As of 24 June 2020 more than 9.1 million laboratory-confirmed COVID-19 cases have been reported, including 473,797 deaths, affecting 215 countries and territories around the world4. The reported COVID-19 cases do not reflect the true scale of outbreak7,8,9,10,11. In many countries lockdown strategies have been implemented and social distancing is mandatory to reduce person-to-person transmission, protecting citizens and mitigating the impact on health-care systems including intensive care capacities. Likely, social distancing measures will need to remain in place until population-based immunity is achieved through natural exposure to the virus (herd immunity) or until effective vaccines or therapeutics become available12,13.

If immune responses to SARS-CoV-2 are similar when compared to other coronaviruses, infected individuals may be less susceptible to reinfection for months to years, reducing the risk of severe COVID-19 and also limiting the possibility of spreading the virus14,15. Infection-induced herd immunity might arise when enough people become infected and develop antibodies to the virus, in addition to people with non-antibody-mediated immunity or with SARS-CoV-2 pre-existing immune reactivity16,17. Above the herd immunity threshold (HIT), which represents a minimum number of people in a community that would need to be immune, the infection may no longer persist in the population. According to basic models, the HIT of SARS-CoV-2 is estimated at 50 to 67%18,19. This relies on simplified assumptions, such as homogeneous population mixing and uniform sterilizing immunity in recovered individuals across demographic groups, which are unlikely to hold true. Nevertheless, the HIT provides an indication of the minimum proportion of a population that would need to be immune until herd immunity could be achieved in the absence of a vaccine.

It is unclear how many people contract the virus unknowingly. Assuming that antibodies to SARS-CoV-2 are produced by the adaptive immune system in response to virus exposure, at least in the vast majority of cases, serology-based tests for SARS-CoV-2 may be used to determine the extent of asymptomatic SARS-CoV-2 infections and to monitor the COVID-19 pandemic. Highly accurate immunoassays were not available until recently15,20,21.

Population-based serological studies as well as high-quality data on SARS-CoV-2 antibody production in healthy individuals are urgently needed to assess both the true extent of virus spread and the presence of potential antibody-mediated protection against SARS-CoV-2 at the community level. Using outbreak and pre-outbreak samples, we studied the prevalence and distribution of antibodies to SARS-CoV-2 under social distancing in a healthy adult population of a highly affected country, one month into the outbreak.

Here, we show a low SARS-CoV-2 seroprevalence in the early COVID-19 epidemic in the Netherlands, demonstrating that (i) the seroprevalence was 2.7% with substantial regional variation, (ii) the hardest-hit areas showed a seroprevalence of up to 9.5%, (iii) the seroprevalence was sex-independent throughout age groups (18–72 years), and (iv) antibodies were significantly more often present in younger people (18–30 years).

Results

Serological test results

In total 7,361 donations from regular plasma donors were tested, of which 248 (3.4%) were initially reactive and 230 (3.1%) were repeat reactive in the Wantai total antibody assay. For 218/230 repeat reactive donors archived material of a pre-outbreak donation was available for testing, showing seroconversion in 188/218 donors (86%) and pre-outbreak reactivity in 30/218 (14%); for 12 repeat reactive donors no pre-outbreak samples were available. The 188 donors with confirmed seroconversion and the 12 donors from whom no pre-outbreak sample was available were considered seropositive in the subsequent analyses. Positive IgM test results were found as follows: in 144/180 (80%) seroconverters (8 donors not tested); in 3/28 (11%) donors with pre-outbreak reactivity (2 donors not tested); and in 8/12 (67%) donors from whom no pre-outbreak sample was available.

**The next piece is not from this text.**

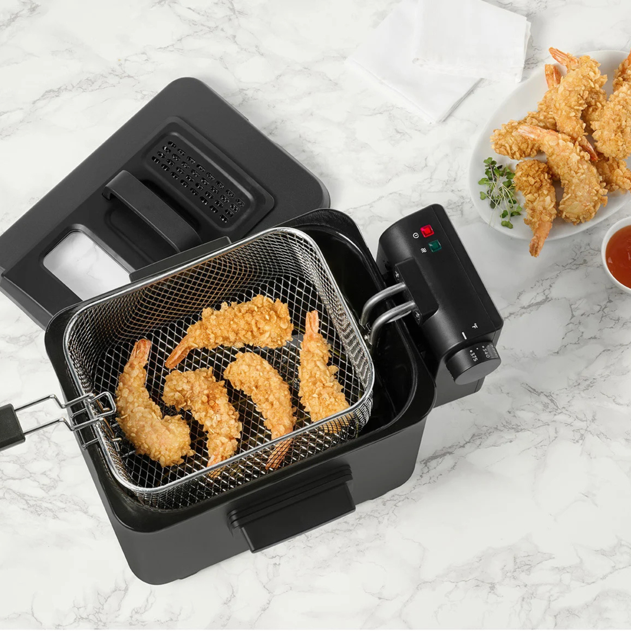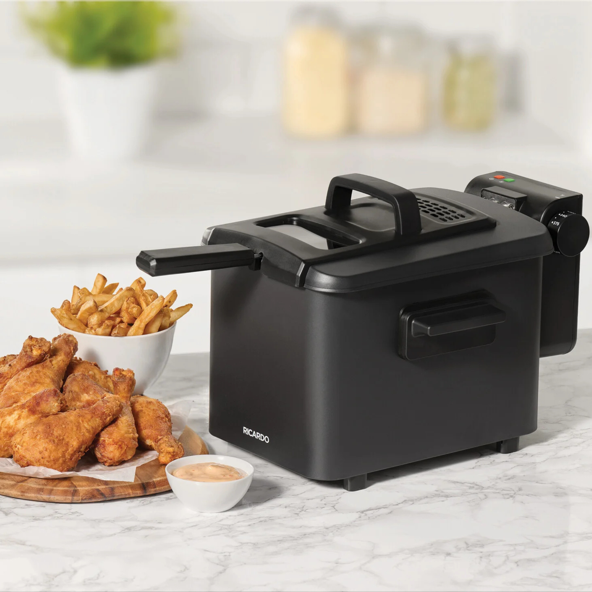 Easily create crispy, golden homemade fried foods with the Ricardo 3.5L deep fryer. Its powerful 1800W heating element ensures rapid preheating and even cooking, while the adjustable temperature from 135°C to 190°C allows for perfect cooking control. Practical and safe, it features cool-touch handles, a side control knob, and a cool zone that extends the life of your oil. The stainless steel basket and removable enamel bowl are dishwasher-safe for effortless cleaning.

Distribution of SARS-CoV-2 antibody signals

The distribution of SARS-CoV-2 total antibody signals in positive donors (n = 230) and negative donors (n = 7,131) is shown in Fig. 1a. Details about seroconversions and false-reactive test results can be found in Supplementary Fig. 1. As a reference, the SARS-CoV-2 total antibody signals in ex-COVID-19 patients donating convalescent plasma (n = 153) are shown in Fig. 1b. These patients had a documented PCR-positive test result, were at least 14 days fully recovered from mild to severe COVID-19 symptoms and were sampled in the study period. The distribution of SARS-CoV-2 total antibody signals in ex-COVID-19 patients was comparable, but not identical, to regular plasma donors who seroconverted; low-positive signals were found more often in regular plasma donors than in ex-COVID-19 patients.

Fig. 1: Distribution of SARS-CoV-2 antibody signals in regular blood plasma donors and in recovered COVID-19 patients donating convalescent plasma; 1–15 April 2020.
figure1

a Distribution of SARS-CoV-2 total antibody signals and SARS-CoV-2 IgM test results in regular blood plasma donors (n = 7,361). b Distribution of SARS-CoV-2 total antibody signals in recovered COVID-19 patients donating convalescent plasma (n = 153).

Seroprevalence by geographic region, sex and age group

Based on demonstrated seroconversion, 188/7,361 (2.6%) donors have been infected with SARS-CoV-2. If donors from whom no pre-outbreak sample was available are included this number is 200/7,361 (2.7%). The seroprevalence varied by geographic region. Figure 2 shows the seroprevalence in the 26 municipal health service regions of the Netherlands, demonstrating a north to south gradient. Details about the seroprevalence by region, sex and age group can be found in Supplementary Table 1. The prevalence of antibodies to SARS-CoV-2 was not different for men and women (2.70% vs 2.73%). Logistic regression and chi-square analysis showed that the seroprevalence in donors aged 18–30 years was significantly higher than in other age groups (4.2% vs 2.4%; p = 0.026; Table 1). No additional association with sex or age group was found in the logistic regression model if the data were corrected for region of residence.

Fig. 2: SARS-CoV-2 seroprevalence in the Dutch blood donor population by municipal health service region; 1–15 April 2020.
figure2

The map shows the Netherlands divided into municipal health service regions. The backbone of the map was provided by the Dutch Institute for Public Health and the Environment.

Table 1 Prevalence of anti-SARS-CoV-2 antibodies in Dutch blood plasma donors (n = 7,361) by age group; 1–15 April 2020.

Discussion

The world is facing unprecedented challenges with communities and economies everywhere affected by the COVID-19 pandemic. Social distancing and other public health measures are placing an increasing psychological burden on people, resulting in an increasing need for exit strategies22.

As the situation evolves, public health interventions significantly lower the real-time reproduction number (Rt), which estimates the average number of secondary cases one case produces in a population made up of both susceptible and non-susceptible hosts23. If person-to-person transmission is limited and the Rt drops, the pandemic may be controlled on a population level until an effective SARS-CoV-2 vaccine or pharmacological therapy for COVID-19 becomes available12,13.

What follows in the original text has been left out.